To solve simultaneous algebraic equations, the IT Solver uses a multi-equation form of the Newton-Raphson method (slightly modified to optimize step sizes). To solve for a single equation of the form
f(x) = 0,
the Newton-Raphson method uses a first-order Taylor series approximation of f(x) about the point xi:
f(xi + 1) = f(xi) + (xi + 1 - x)f'(xi).
The series expansion is then solved for f(x)=0:
xi + 1 = xi - f(xi)/f'(xi).
As the subscripts i and i +1 imply, the procedure is iterative. After each new guess for x is calculated, the function, f, and its derivative, f ', are reevaluated, and a new guess for x is calculated. The multi-equation form of the Newton-Raphson method works similarly, except that the Taylor series expansion must be in terms of each independent variable. The assembled matrix of partial derivatives of each equation (in the form f(x) = 0), with respect to each independent variable, is called the Jacobian. If the vector of independent variables at the current and previous iterations are {xi + 1} and {xi}, the Jacobian matrix evaluated at {xi} is [Ji], and the vector of equations evaluated at {xi} is {fi}, the equation
[Ji]{xi + 1} = [Ji]{xi} - {fi}
can be solved for {xi + 1}. Again, the procedure iterates until the solution has converged. Convergence is measured by evaluating the norm (calculated as the root-mean square) of the residuals of the equations. At the exact solution, the residual will be zero. The section on convergence criteria further explains how the Solver determines whether a solution has converged and how to control convergence criteria.

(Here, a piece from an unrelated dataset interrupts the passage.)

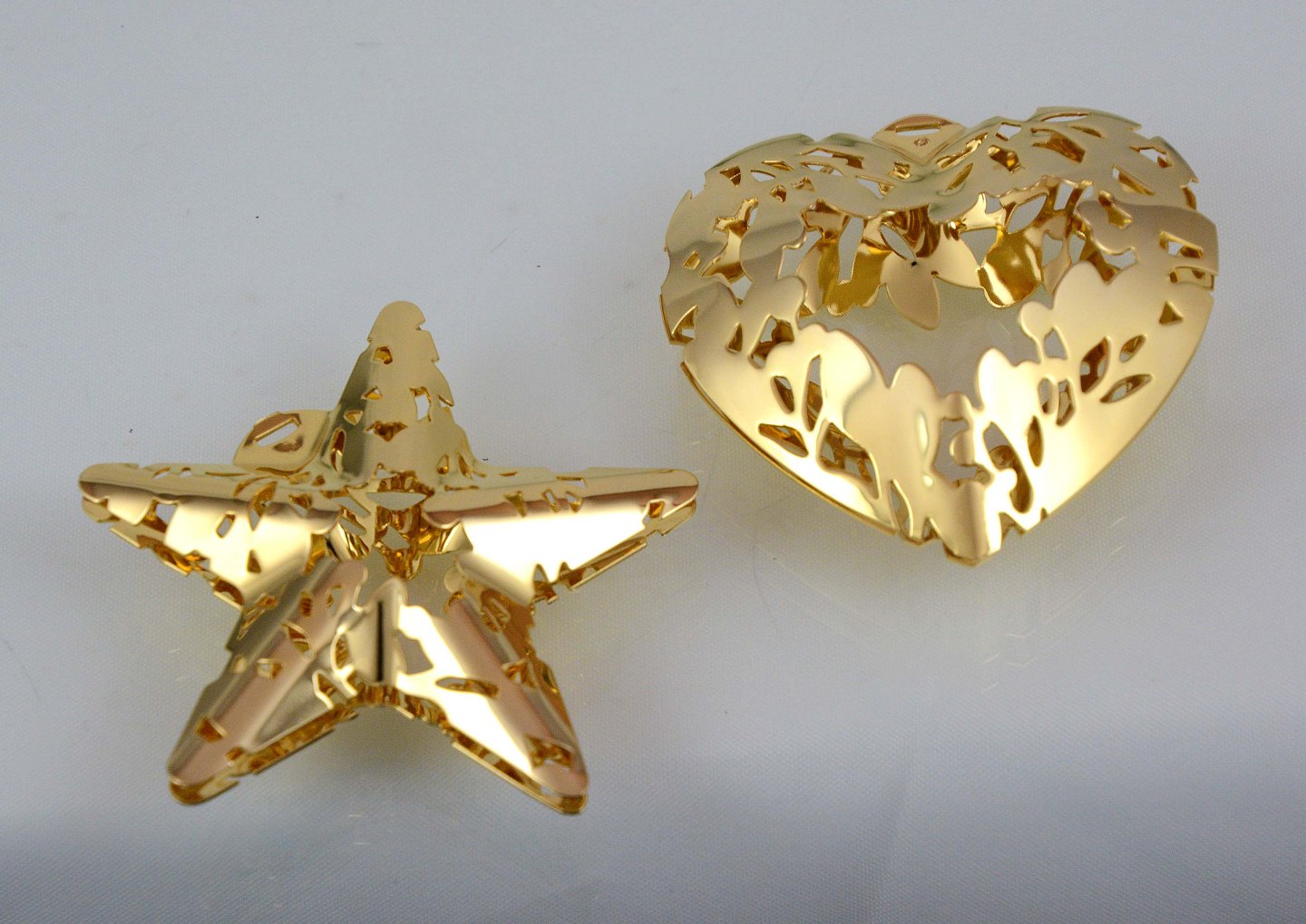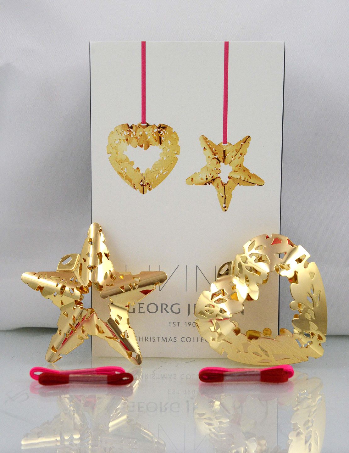 Georg Jensen julepynt. Hjerte og stjerne udført i messing forgyldt med 24 karats guld. Designet af Louise Campell 2015

The partial derivatives in the Jacobian are calculated numerically. Calculating the partial derivatives symbolically might aid in convergence of the solution, but there would be a substantial penalty in terms of computational effort to determine the derivatives, and the accuracy of the final solution would be nearly indistinguishable from the solution calculated using the numerical estimate of the Jacobian. In addition, calculating analytical derivatives of tabular data, such as property functions, is impossible.
Because the engine is an iterative solver, Initial Guesses for the variables are required. For simple problems, "1" can often be used for all of the initial guesses. For more complex problems, however, the user may have to provide more accurate estimates of the variable values.